# Work task
Exclude the pictures and reproduce the remaining data exactly as written.

# Material provided
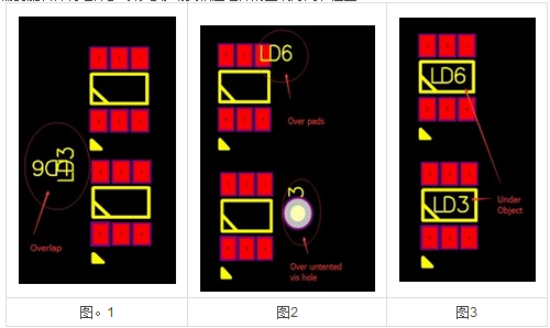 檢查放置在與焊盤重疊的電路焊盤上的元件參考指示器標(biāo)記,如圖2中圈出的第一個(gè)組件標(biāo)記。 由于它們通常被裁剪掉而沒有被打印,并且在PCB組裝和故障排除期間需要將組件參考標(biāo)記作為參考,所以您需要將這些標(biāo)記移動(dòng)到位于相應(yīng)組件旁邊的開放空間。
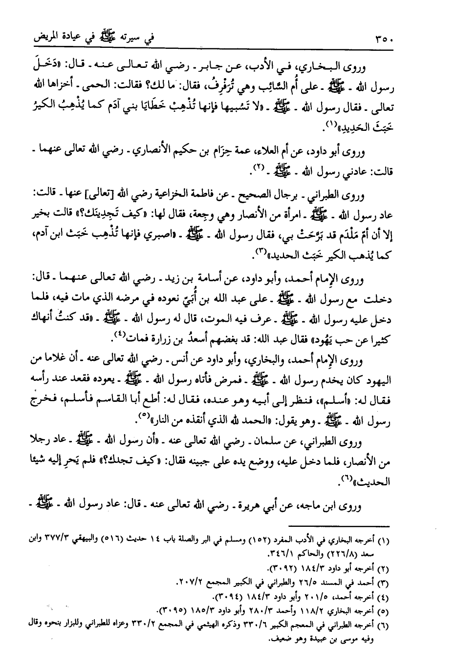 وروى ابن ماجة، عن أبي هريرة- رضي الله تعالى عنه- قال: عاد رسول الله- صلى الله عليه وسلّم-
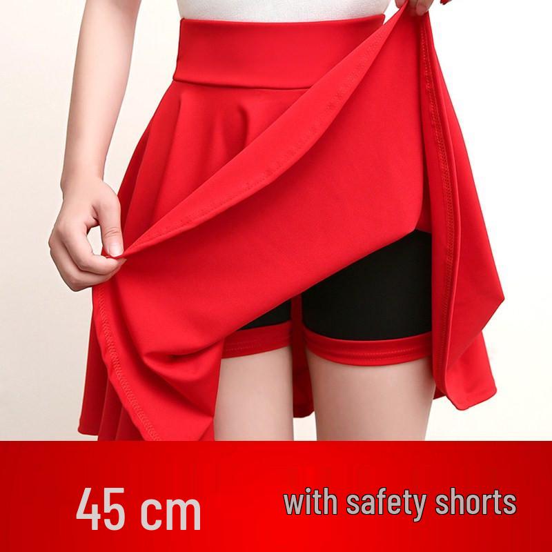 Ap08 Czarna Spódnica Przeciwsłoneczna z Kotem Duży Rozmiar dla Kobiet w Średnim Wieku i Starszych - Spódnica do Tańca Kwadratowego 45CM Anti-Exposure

# Answer box
 檢查放置在與焊盤重疊的電路焊盤上的元件參考指示器標(biāo)記,如圖2中圈出的第一個(gè)組件標(biāo)記。 由于它們通常被裁剪掉而沒有被打印,并且在PCB組裝和故障排除期間需要將組件參考標(biāo)記作為參考,所以您需要將這些標(biāo)記移動(dòng)到位于相應(yīng)組件旁邊的開放空間。
 وروى ابن ماجة، عن أبي هريرة- رضي الله تعالى عنه- قال: عاد رسول الله- صلى الله عليه وسلّم-
 Ap08 Czarna Spódnica Przeciwsłoneczna z Kotem Duży Rozmiar dla Kobiet w Średnim Wieku i Starszych - Spódnica do Tańca Kwadratowego 45CM Anti-Exposure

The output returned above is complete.